С ропотом и ворчанием пенсионеры двинулись вслед за администратором, прошли через хозяйственный двор, мимо поленниц с дровами и штабелей досок, и остановились около длинного дощатого сарая, переоборудованного в жилой барак. Причем, совсем недавно: под свежеокрашенными окнами неубраны еще были стружка и опилки.
– Здесь будете размещаться, – Порфирьев ткнул кулаком в дверь, врезанную в наглухо заколоченные ворота, – передняя половина для мужиков, задняя – для баб. Все ясно, дедки?
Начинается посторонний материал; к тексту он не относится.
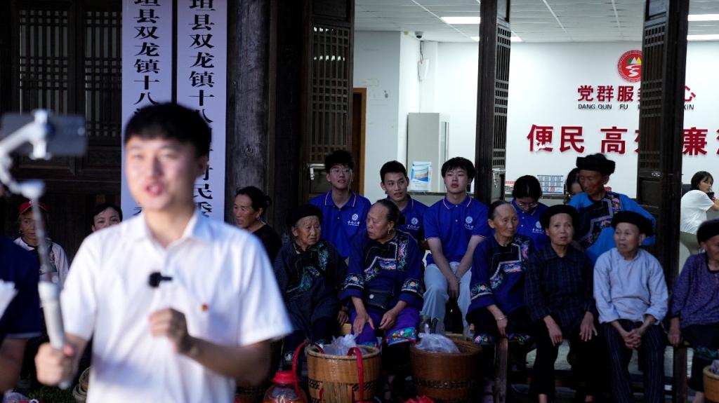 实践团成员直播前期与施康书记探讨分工,帮助苗族阿公阿婆整理、搬运带来的商品,帮忙布置直播间。

– Ладно, пошутили и довольно, – взвизгнул Капитон Модестович, – мы в полной мере оценили ваше чувство юмора, любезный. Ведите нас обратно. Мы устали, хотим принять душ. И, в конце концов…
– Цыц, дедок! – грозно оскалился Порфирьев. – На первый раз прощаю! Потом буду пресекать нещадно! Объясняю еще раз для самых тупых: спальни бабские и мужские здесь, душ в котельной у второго флигеля, для мужиков – в среду, для женщин – в пятницу. Сортир – вон он, желтая будка налево во дворе. Направо, в сарае, столовая. Завтрак в девять, обед в час тридцать, ужин в семь. С утра до восемнадцати трудотерапия с перерывом на обед. Потом до отбоя свободное время. Отбой в двадцать три ноль-ноль. К нарушителям распорядка будут применяться санкции. Да, подъем в восемь утра. Все ясно?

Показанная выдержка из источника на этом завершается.